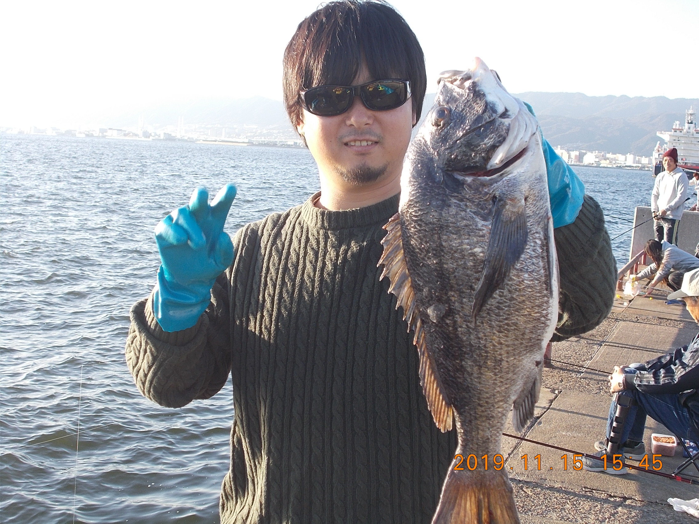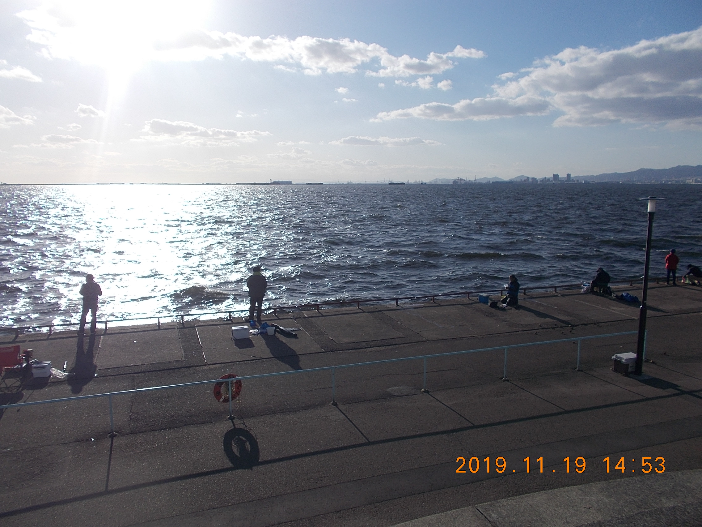 午後3時現在、西の風2~3m、天気晴れ、海上波ややあり。午前中の強風はほぼ治まりました。サヨリ狙いとサビキの方が半々くらい。気温が17℃までしか上がらず肌寒いです。夕方からもっと冷えるかもしれません。午後4時管理棟前、イソメでチヌ43.0cmあがりました。
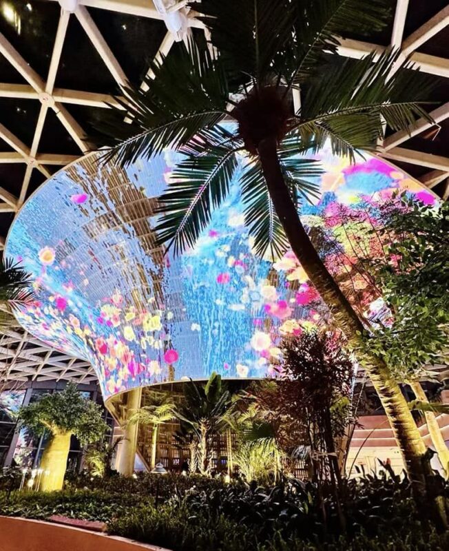 It is in the common area of the mall and appears to be a waterfall-like tower made using mesh LED.
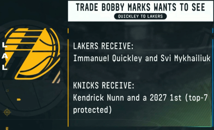 第二种交易方案:湖人把纳恩和2027年受保护首轮签(前7受保护)送到尼克斯,换来奎克利和米哈伊柳克。
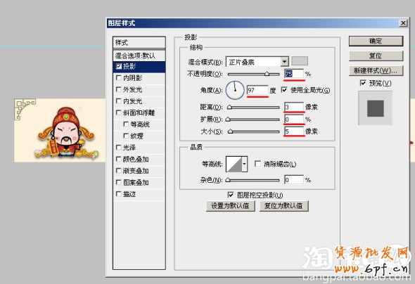 六、以此類推,另外一財神和文字都可以做圖層樣式:
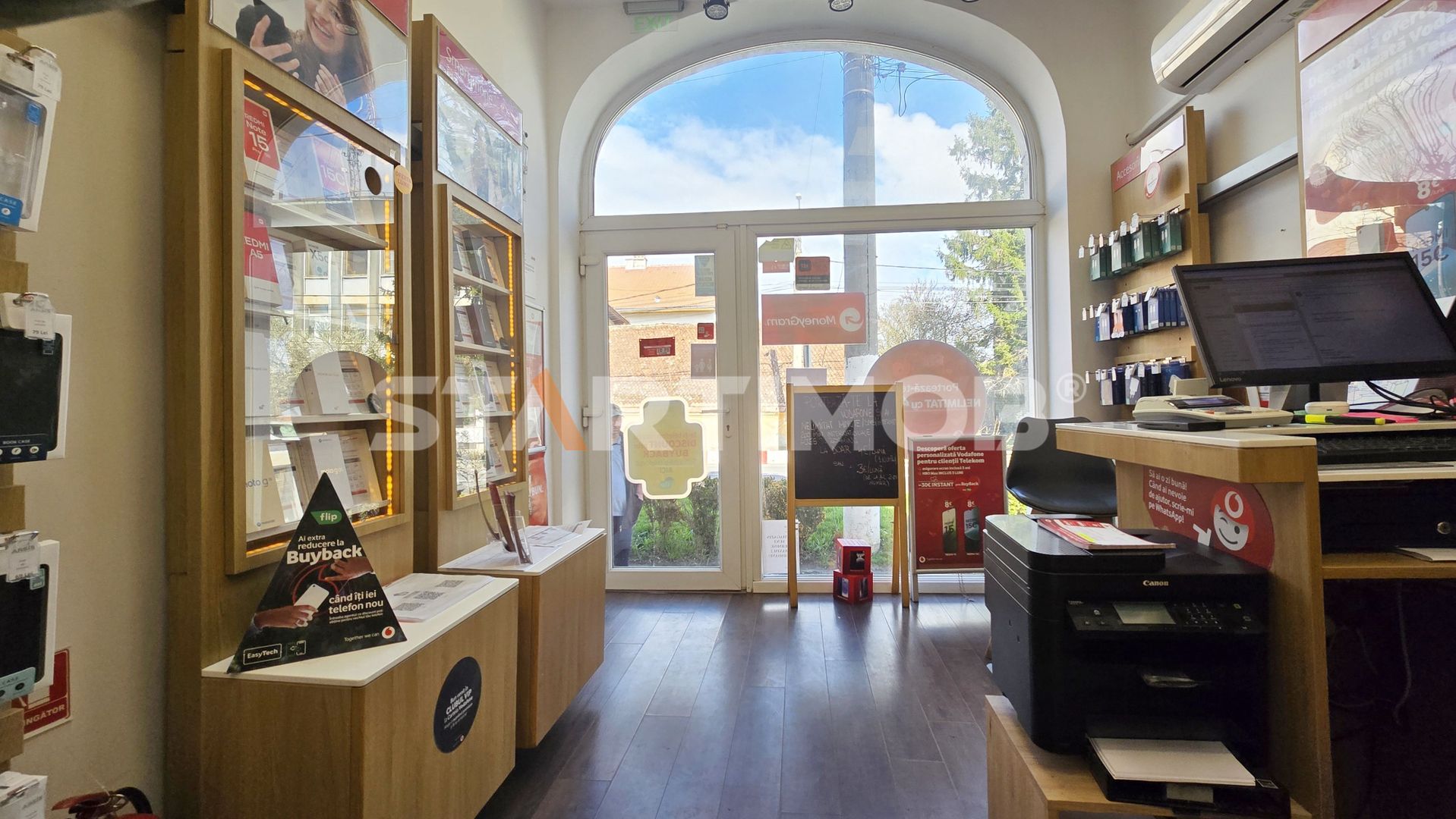 Spatiul dispune de vitrina stradala de 3 ml, are o suprafata totala de 24 mp fiind compus din spatiu de vanzare, birou si grup sanitar .

**PROBLEM REQUIREMENTS:**
Could you please repeat the entries above exactly, with every picture left out?

**WRITTEN RESPONSE:**
 午後3時現在、西の風2~3m、天気晴れ、海上波ややあり。午前中の強風はほぼ治まりました。サヨリ狙いとサビキの方が半々くらい。気温が17℃までしか上がらず肌寒いです。夕方からもっと冷えるかもしれません。午後4時管理棟前、イソメでチヌ43.0cmあがりました。
 It is in the common area of the mall and appears to be a waterfall-like tower made using mesh LED.
 第二种交易方案:湖人把纳恩和2027年受保护首轮签(前7受保护)送到尼克斯,换来奎克利和米哈伊柳克。
 六、以此類推,另外一財神和文字都可以做圖層樣式:
 Spatiul dispune de vitrina stradala de 3 ml, are o suprafata totala de 24 mp fiind compus din spatiu de vanzare, birou si grup sanitar .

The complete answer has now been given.